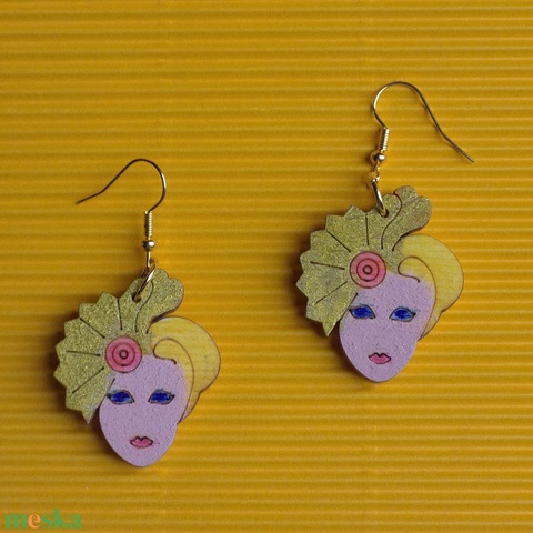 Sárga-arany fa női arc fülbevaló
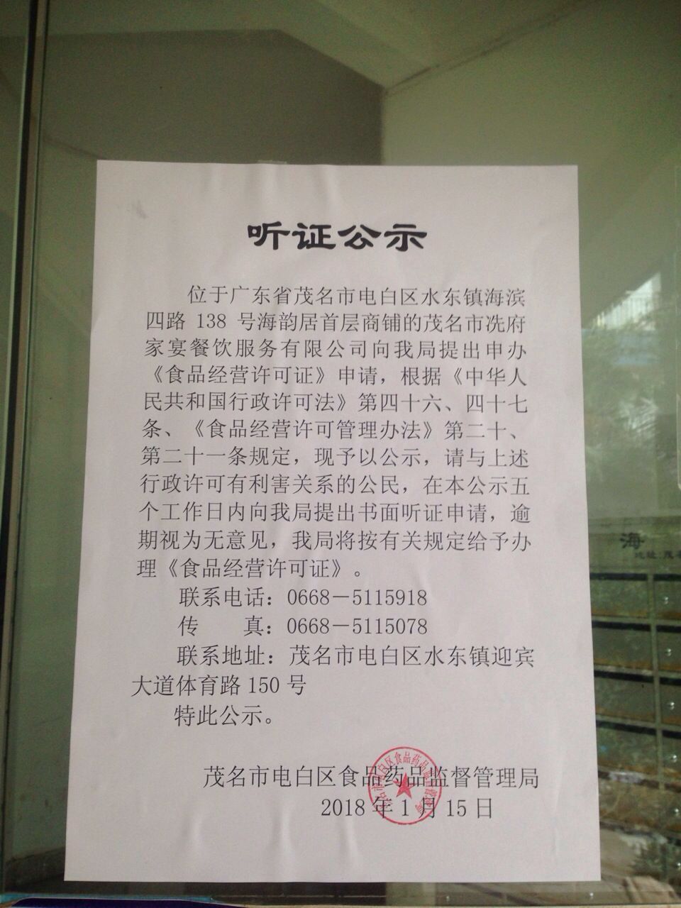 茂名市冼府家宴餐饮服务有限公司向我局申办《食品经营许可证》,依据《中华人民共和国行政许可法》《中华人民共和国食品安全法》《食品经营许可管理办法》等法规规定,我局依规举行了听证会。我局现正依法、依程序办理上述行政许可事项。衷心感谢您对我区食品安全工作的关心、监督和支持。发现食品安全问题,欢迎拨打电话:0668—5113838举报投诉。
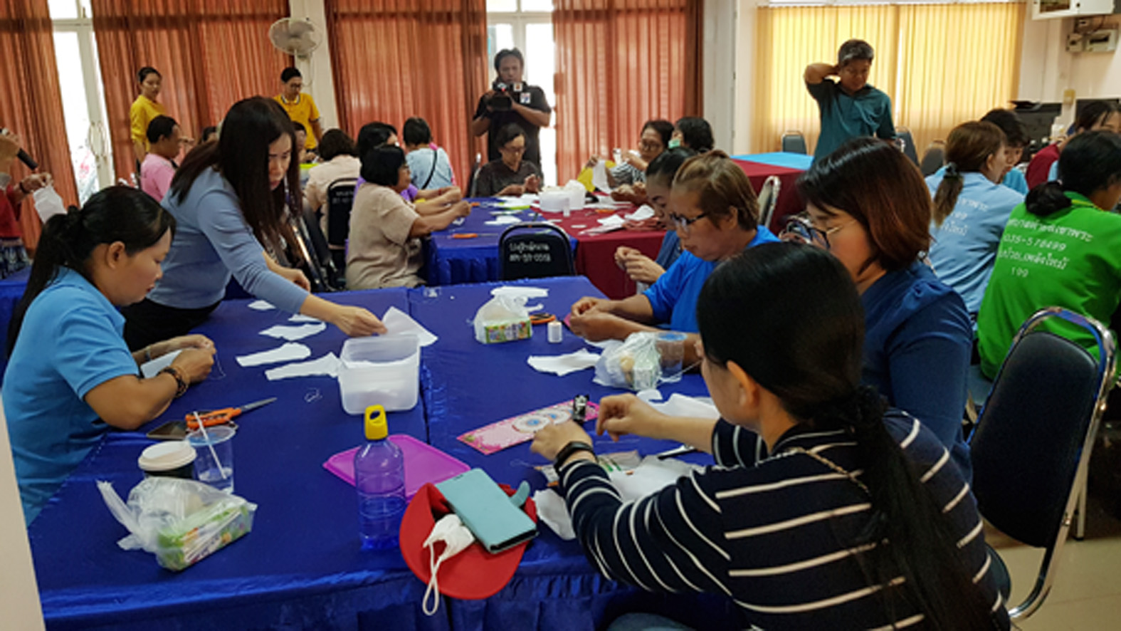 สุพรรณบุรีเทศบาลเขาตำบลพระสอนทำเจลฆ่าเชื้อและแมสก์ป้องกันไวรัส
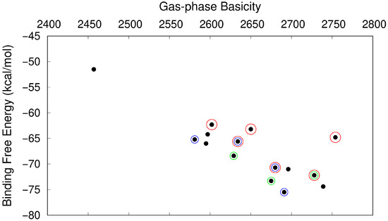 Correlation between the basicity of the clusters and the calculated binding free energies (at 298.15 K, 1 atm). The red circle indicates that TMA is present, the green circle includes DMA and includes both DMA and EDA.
* * *
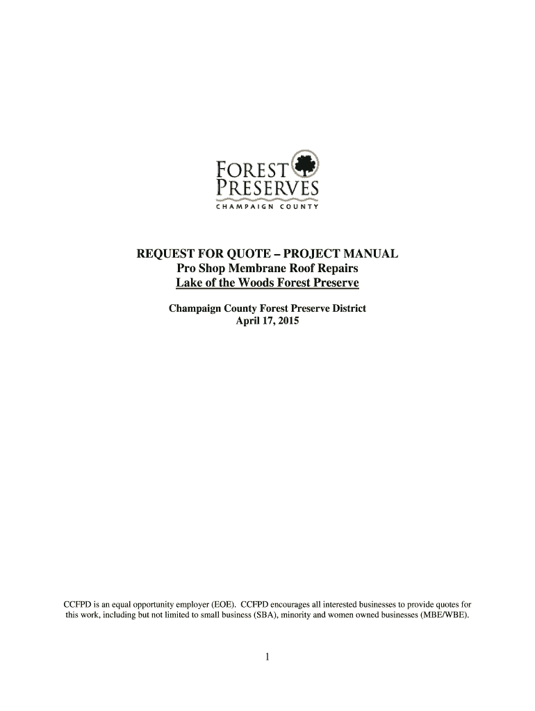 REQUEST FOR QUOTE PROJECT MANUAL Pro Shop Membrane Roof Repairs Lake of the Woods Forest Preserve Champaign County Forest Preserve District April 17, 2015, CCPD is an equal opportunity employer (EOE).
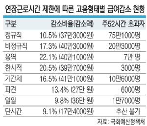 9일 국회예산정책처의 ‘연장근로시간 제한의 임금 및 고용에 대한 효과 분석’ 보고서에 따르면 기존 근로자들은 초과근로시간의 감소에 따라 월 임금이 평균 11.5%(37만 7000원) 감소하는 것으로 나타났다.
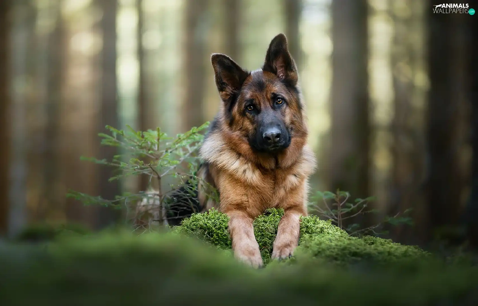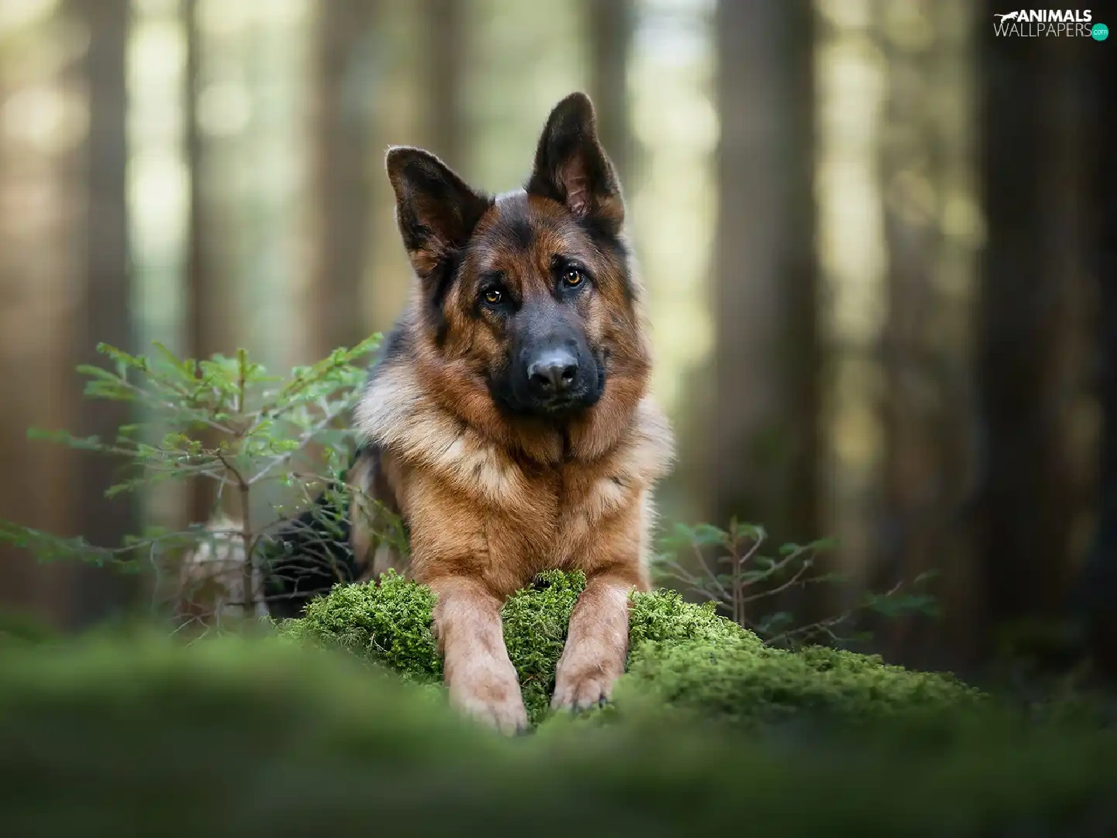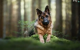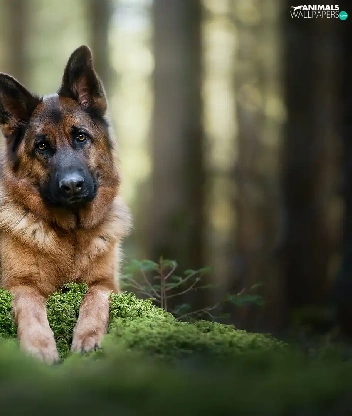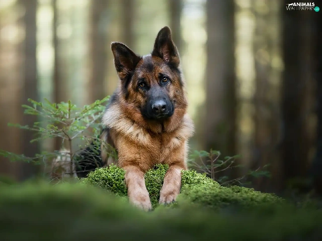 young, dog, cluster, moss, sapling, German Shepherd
...
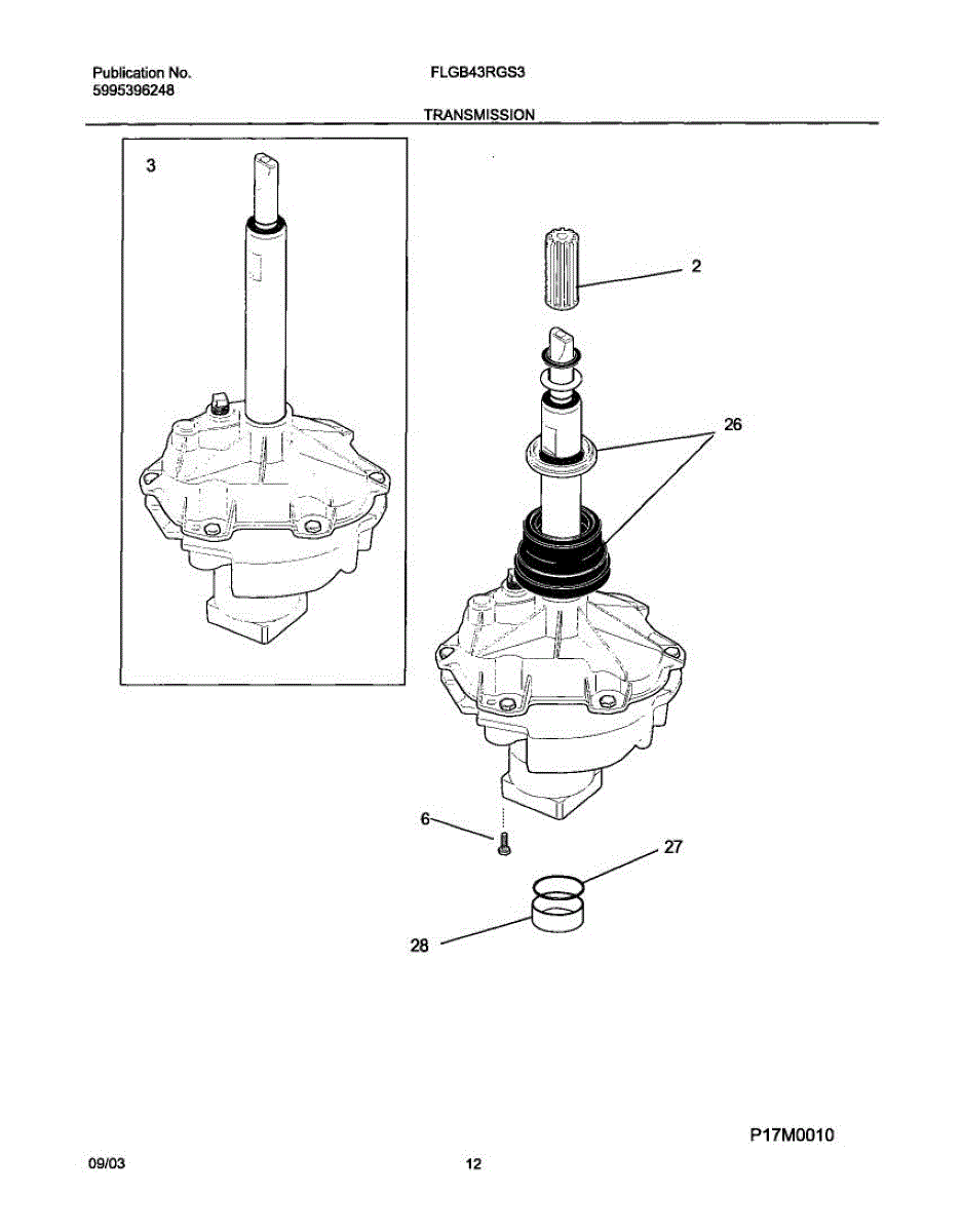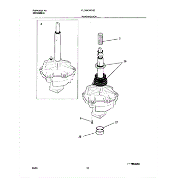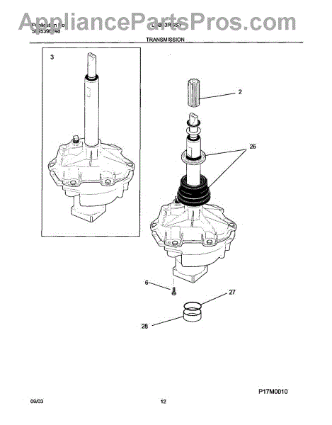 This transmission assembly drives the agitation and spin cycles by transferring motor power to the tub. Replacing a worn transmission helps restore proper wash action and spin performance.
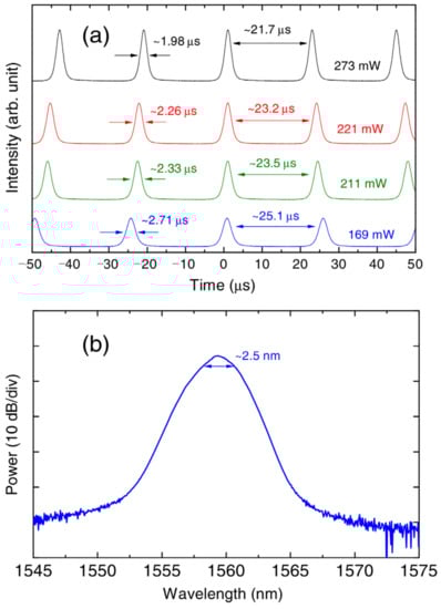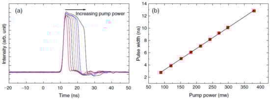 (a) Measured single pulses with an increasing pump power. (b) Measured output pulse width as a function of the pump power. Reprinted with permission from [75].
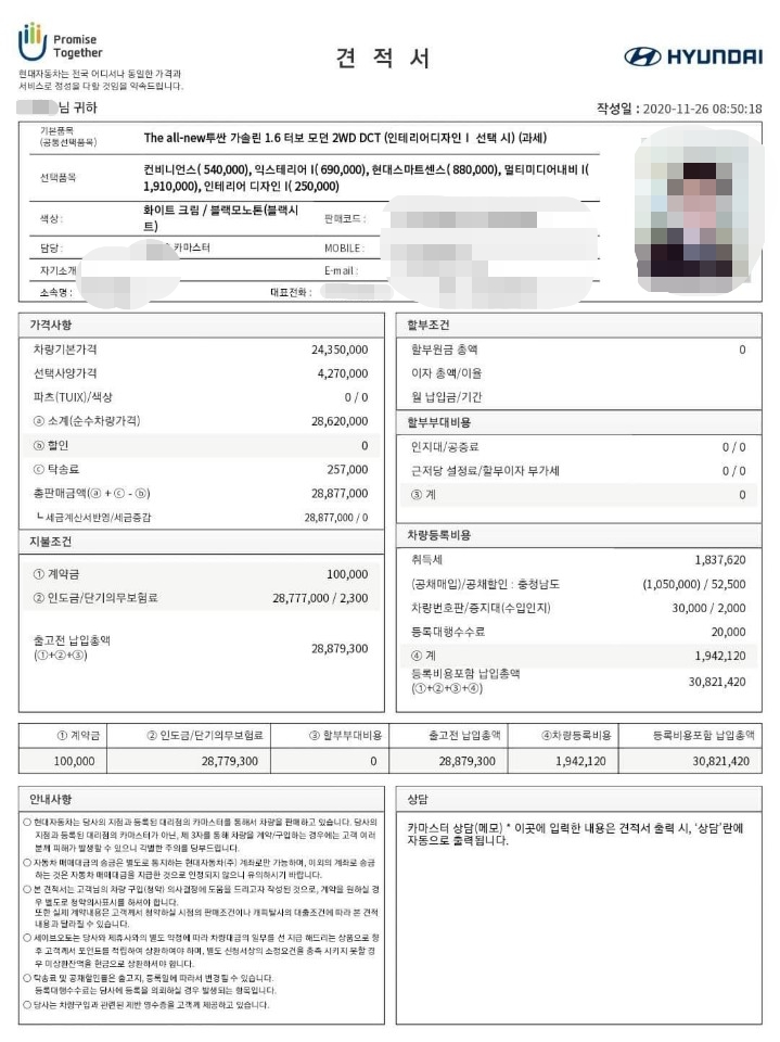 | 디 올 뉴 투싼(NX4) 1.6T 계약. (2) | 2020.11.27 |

▶ _WHAT IS REQUIRED_: What are the lines in the records above, word for word, from the one containing "สุพรรณบุรีเทศบ" through the one containing "Correlation between the", both ends included and pictures left out?

▶ _EXERCISE RESULT_:
 สุพรรณบุรีเทศบาลเขาตำบลพระสอนทำเจลฆ่าเชื้อและแมสก์ป้องกันไวรัส
 Correlation between the basicity of the clusters and the calculated binding free energies (at 298.15 K, 1 atm). The red circle indicates that TMA is present, the green circle includes DMA and includes both DMA and EDA.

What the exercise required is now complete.